If people could apply for a hardship license, meaning that they assert that $600 is too much, then would that be acceptable?
Even if there isn't that special case, I again point out that the time needed to learn CHARMm (which is often done by being a student or postdoc in a CHARMm lab) plus the hardware to run CHARMm well, is more than the cost of the license, so the extra barrier to entry isn't that much.
My question is, why are the principles of the FSF a prerequisite to doing good science? I argue that they are not the same.
The details of copyright and licenses in different countries doesn't really apply to my second question. If I write software which happens to look similar to code I reviewed previously, how can be be sure that my code is safe from accusations of copyright violation? How can I reassure my clients that there will not be a future problem? This applies even if all the software is free, because the licenses can be incompatible.

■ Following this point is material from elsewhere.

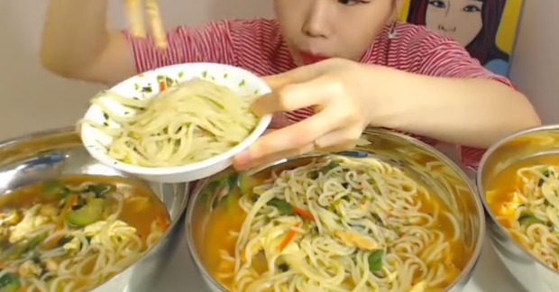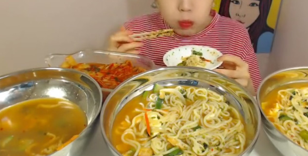 不得不说这韩国的拉面还是历史悠久的,承继了韩国特色,汤底都会有些辛辣口感,蔬菜和面条份量相当,三大盆看起来也是非常惊人,看着你完全不会料想得到小姐姐能吃完这些的,因为实在太多,可能正常得是八九个人的份量还差不多。但是小姐姐是真的能吃还是超级能吃的那种,一口一口拉面咽下去毫无感觉那般。虽然有搭配到一些泡菜可能会觉得爽口一些不会太腻,但是这吃法还是很吓人的。

And the issues of end-user licenses have nothing to do with this topic. My question is based on normal pure copyright law, the same laws which the GPL uses.
As regarding "the spirit of Universities or other publicly funded research institutions", I assert again that I'm not convinced that free software is a prerequisite for doing so, and I point out CHARMm as a counter-example.
".. whenever you can" is very wishy-washy. I like my Mac and it's not free. I could use something based only on a free system, but that would mean I can not do things like listen to multiple sound streams and have working wireless (reasons I gave up on a Linux-based system years ago).
Egon: The CHARMm example is not a very good one I think, because their license apparently *does* allow redistribution
I choose CHARMm because it is a great example. The academic license does not allow you to distribute the source code to people who don't have a CHARMm license, only to those with a CHARMm license.
It is not a free license. It is not an open source license. Not by anyone's definition.
Egon: Not of the whole, but at least of the bits you modified. That sounds pretty open source to me.
I don't follow you. Code you write using OEChem, a proprietary, closed-source toolkit, is written by you and you're free to distribute it any way you want.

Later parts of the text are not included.